* Task description
Output all of the data exactly, keeping any images out of the copy.

* Recorded information
•••

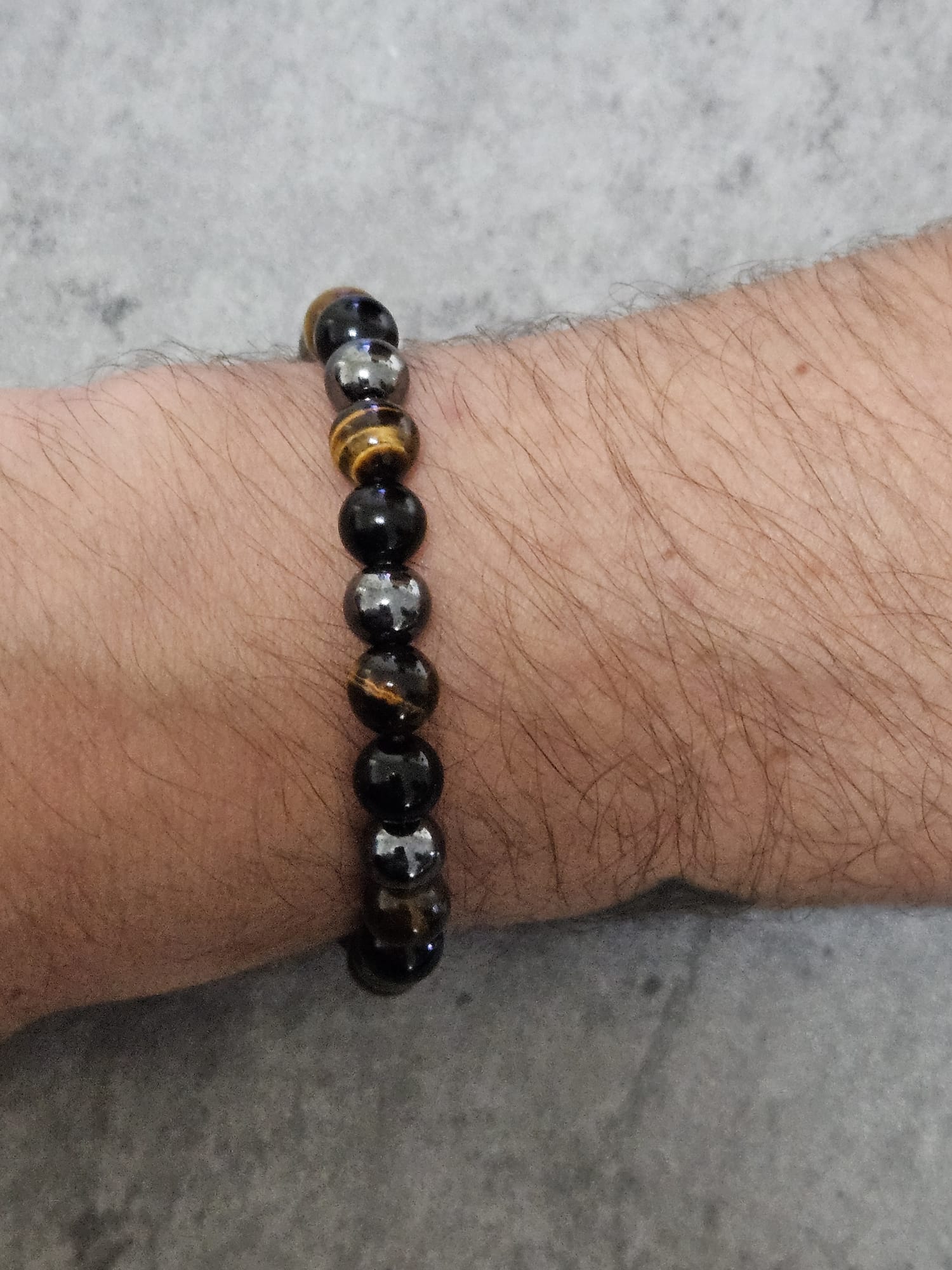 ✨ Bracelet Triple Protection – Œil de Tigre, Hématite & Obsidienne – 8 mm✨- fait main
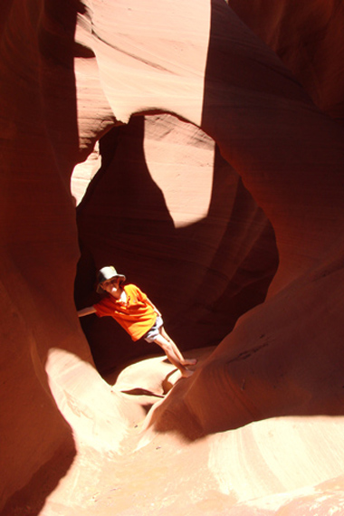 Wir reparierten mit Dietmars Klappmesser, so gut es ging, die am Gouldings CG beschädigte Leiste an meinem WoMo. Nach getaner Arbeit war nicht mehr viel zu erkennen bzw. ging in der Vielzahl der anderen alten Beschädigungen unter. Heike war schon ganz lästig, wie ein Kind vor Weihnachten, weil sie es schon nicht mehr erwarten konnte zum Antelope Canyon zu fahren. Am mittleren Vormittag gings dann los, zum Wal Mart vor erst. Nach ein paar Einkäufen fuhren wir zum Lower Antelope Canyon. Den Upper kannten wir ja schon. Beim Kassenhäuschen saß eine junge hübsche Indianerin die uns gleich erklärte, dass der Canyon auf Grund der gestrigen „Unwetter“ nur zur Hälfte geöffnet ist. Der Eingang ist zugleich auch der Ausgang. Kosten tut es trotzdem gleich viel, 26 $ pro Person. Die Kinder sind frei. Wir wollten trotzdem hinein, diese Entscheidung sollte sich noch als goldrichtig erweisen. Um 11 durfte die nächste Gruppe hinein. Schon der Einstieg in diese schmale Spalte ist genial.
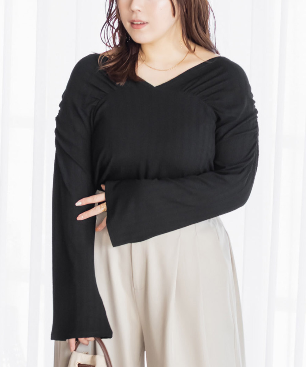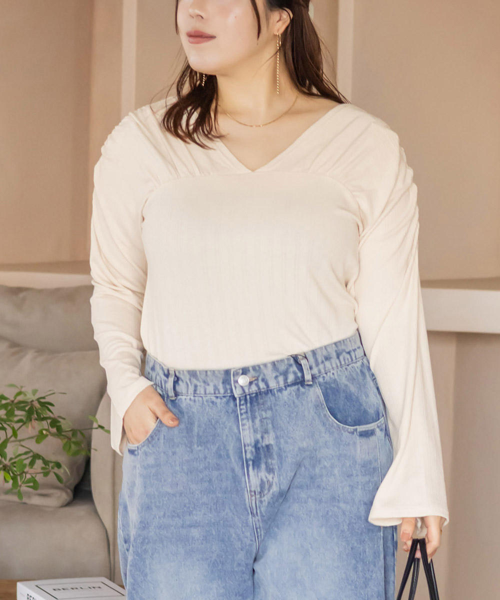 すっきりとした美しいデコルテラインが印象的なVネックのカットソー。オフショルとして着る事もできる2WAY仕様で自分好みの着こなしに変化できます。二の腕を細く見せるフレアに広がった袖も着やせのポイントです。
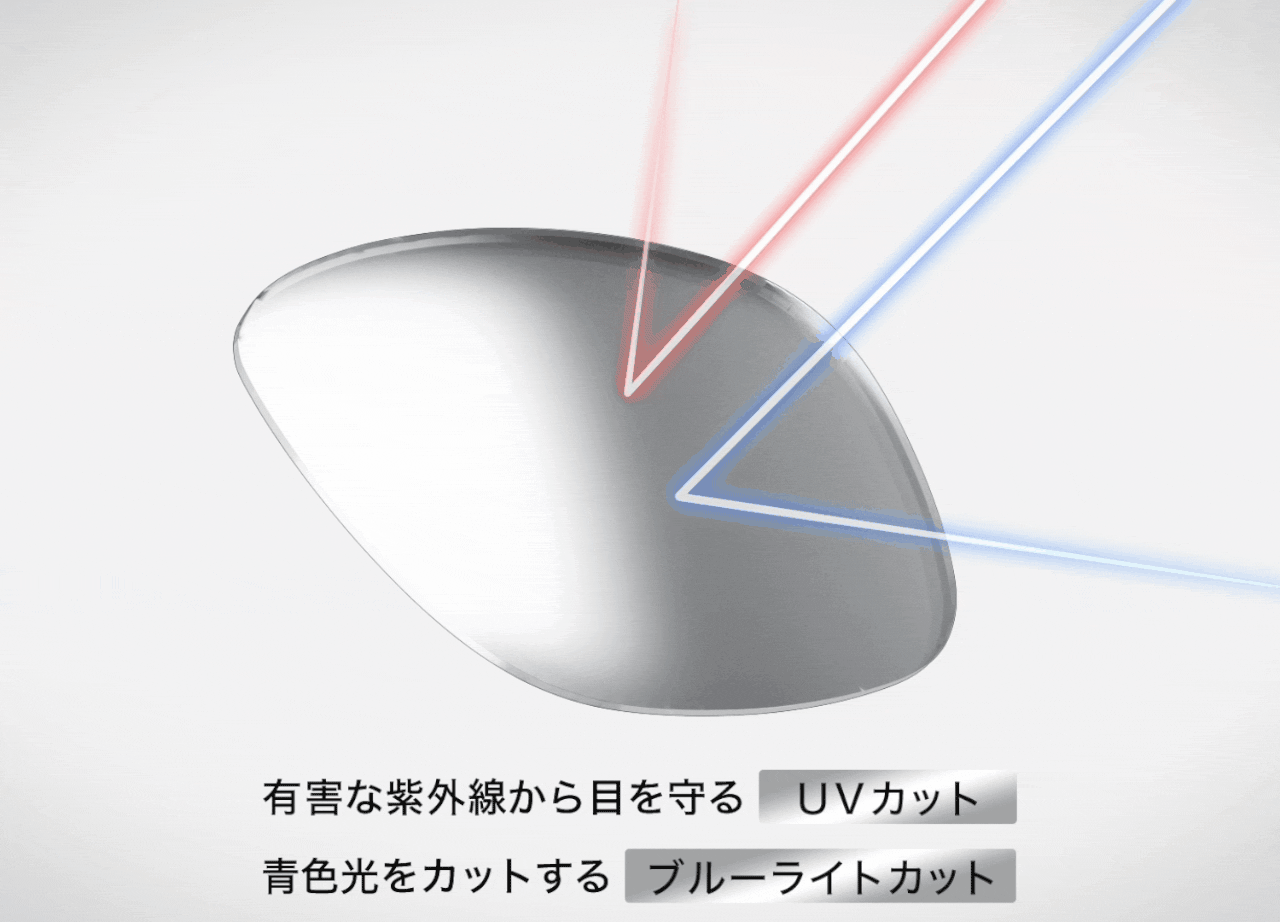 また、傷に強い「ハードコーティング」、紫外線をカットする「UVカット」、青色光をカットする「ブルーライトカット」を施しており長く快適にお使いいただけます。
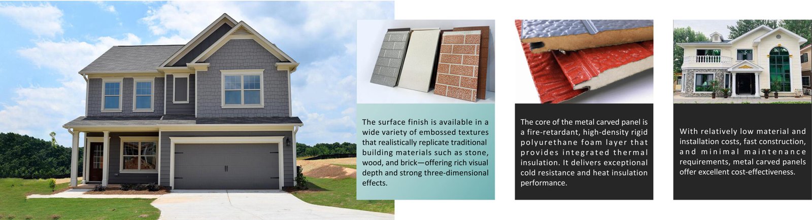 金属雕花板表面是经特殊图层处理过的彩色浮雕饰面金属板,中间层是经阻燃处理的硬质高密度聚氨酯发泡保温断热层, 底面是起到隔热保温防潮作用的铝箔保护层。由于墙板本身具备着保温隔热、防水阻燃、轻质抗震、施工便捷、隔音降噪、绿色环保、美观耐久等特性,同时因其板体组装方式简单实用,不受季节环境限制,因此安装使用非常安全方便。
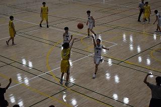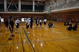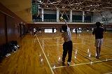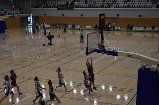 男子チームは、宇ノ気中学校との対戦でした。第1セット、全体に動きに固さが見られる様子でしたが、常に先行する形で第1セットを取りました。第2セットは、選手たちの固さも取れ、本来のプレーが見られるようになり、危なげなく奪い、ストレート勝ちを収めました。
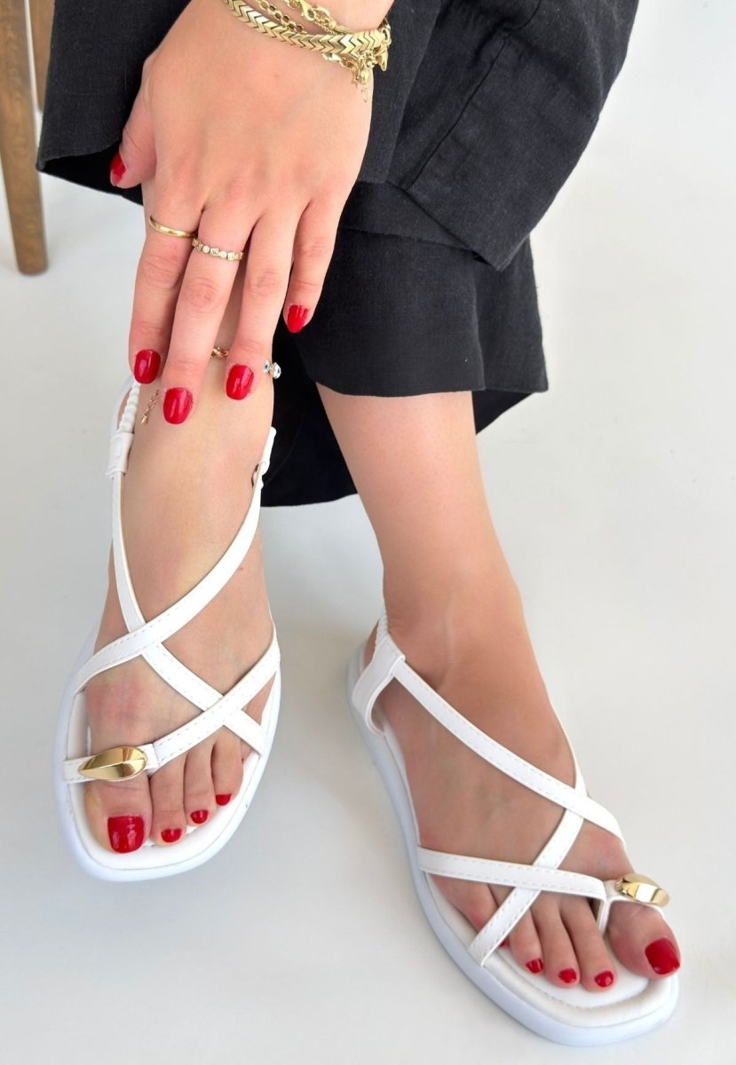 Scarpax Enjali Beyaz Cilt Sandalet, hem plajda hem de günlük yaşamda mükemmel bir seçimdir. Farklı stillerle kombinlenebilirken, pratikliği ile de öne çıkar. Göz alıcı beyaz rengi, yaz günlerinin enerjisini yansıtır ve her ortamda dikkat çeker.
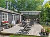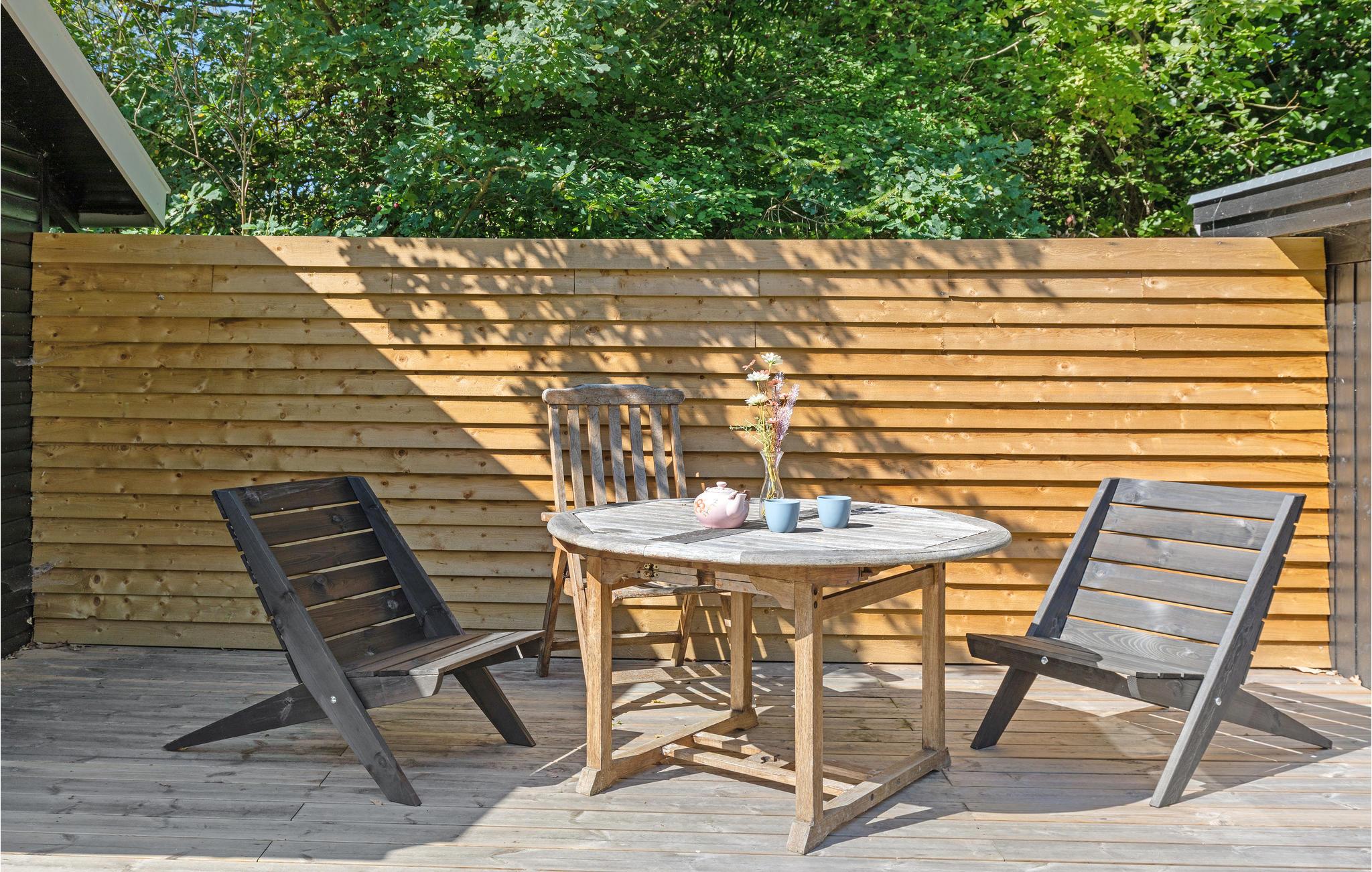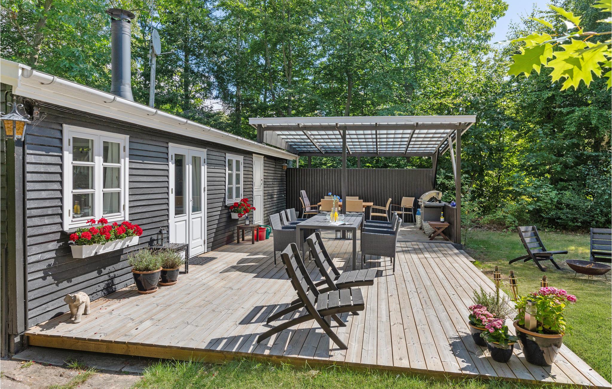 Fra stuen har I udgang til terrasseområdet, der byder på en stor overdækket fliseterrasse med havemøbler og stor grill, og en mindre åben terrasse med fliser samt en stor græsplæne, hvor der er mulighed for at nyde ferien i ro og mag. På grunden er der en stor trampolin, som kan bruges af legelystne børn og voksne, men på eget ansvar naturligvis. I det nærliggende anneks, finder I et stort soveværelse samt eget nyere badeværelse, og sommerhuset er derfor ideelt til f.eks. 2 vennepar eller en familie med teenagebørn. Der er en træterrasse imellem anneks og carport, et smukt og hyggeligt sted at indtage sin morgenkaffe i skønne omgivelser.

•••

* Task response
 ✨ Bracelet Triple Protection – Œil de Tigre, Hématite & Obsidienne – 8 mm✨- fait main
 Wir reparierten mit Dietmars Klappmesser, so gut es ging, die am Gouldings CG beschädigte Leiste an meinem WoMo. Nach getaner Arbeit war nicht mehr viel zu erkennen bzw. ging in der Vielzahl der anderen alten Beschädigungen unter. Heike war schon ganz lästig, wie ein Kind vor Weihnachten, weil sie es schon nicht mehr erwarten konnte zum Antelope Canyon zu fahren. Am mittleren Vormittag gings dann los, zum Wal Mart vor erst. Nach ein paar Einkäufen fuhren wir zum Lower Antelope Canyon. Den Upper kannten wir ja schon. Beim Kassenhäuschen saß eine junge hübsche Indianerin die uns gleich erklärte, dass der Canyon auf Grund der gestrigen „Unwetter“ nur zur Hälfte geöffnet ist. Der Eingang ist zugleich auch der Ausgang. Kosten tut es trotzdem gleich viel, 26 $ pro Person. Die Kinder sind frei. Wir wollten trotzdem hinein, diese Entscheidung sollte sich noch als goldrichtig erweisen. Um 11 durfte die nächste Gruppe hinein. Schon der Einstieg in diese schmale Spalte ist genial.
 すっきりとした美しいデコルテラインが印象的なVネックのカットソー。オフショルとして着る事もできる2WAY仕様で自分好みの着こなしに変化できます。二の腕を細く見せるフレアに広がった袖も着やせのポイントです。
 また、傷に強い「ハードコーティング」、紫外線をカットする「UVカット」、青色光をカットする「ブルーライトカット」を施しており長く快適にお使いいただけます。
 金属雕花板表面是经特殊图层处理过的彩色浮雕饰面金属板,中间层是经阻燃处理的硬质高密度聚氨酯发泡保温断热层, 底面是起到隔热保温防潮作用的铝箔保护层。由于墙板本身具备着保温隔热、防水阻燃、轻质抗震、施工便捷、隔音降噪、绿色环保、美观耐久等特性,同时因其板体组装方式简单实用,不受季节环境限制,因此安装使用非常安全方便。
 男子チームは、宇ノ気中学校との対戦でした。第1セット、全体に動きに固さが見られる様子でしたが、常に先行する形で第1セットを取りました。第2セットは、選手たちの固さも取れ、本来のプレーが見られるようになり、危なげなく奪い、ストレート勝ちを収めました。
 Scarpax Enjali Beyaz Cilt Sandalet, hem plajda hem de günlük yaşamda mükemmel bir seçimdir. Farklı stillerle kombinlenebilirken, pratikliği ile de öne çıkar. Göz alıcı beyaz rengi, yaz günlerinin enerjisini yansıtır ve her ortamda dikkat çeker.
 Fra stuen har I udgang til terrasseområdet, der byder på en stor overdækket fliseterrasse med havemøbler og stor grill, og en mindre åben terrasse med fliser samt en stor græsplæne, hvor der er mulighed for at nyde ferien i ro og mag. På grunden er der en stor trampolin, som kan bruges af legelystne børn og voksne, men på eget ansvar naturligvis. I det nærliggende anneks, finder I et stort soveværelse samt eget nyere badeværelse, og sommerhuset er derfor ideelt til f.eks. 2 vennepar eller en familie med teenagebørn. Der er en træterrasse imellem anneks og carport, et smukt og hyggeligt sted at indtage sin morgenkaffe i skønne omgivelser.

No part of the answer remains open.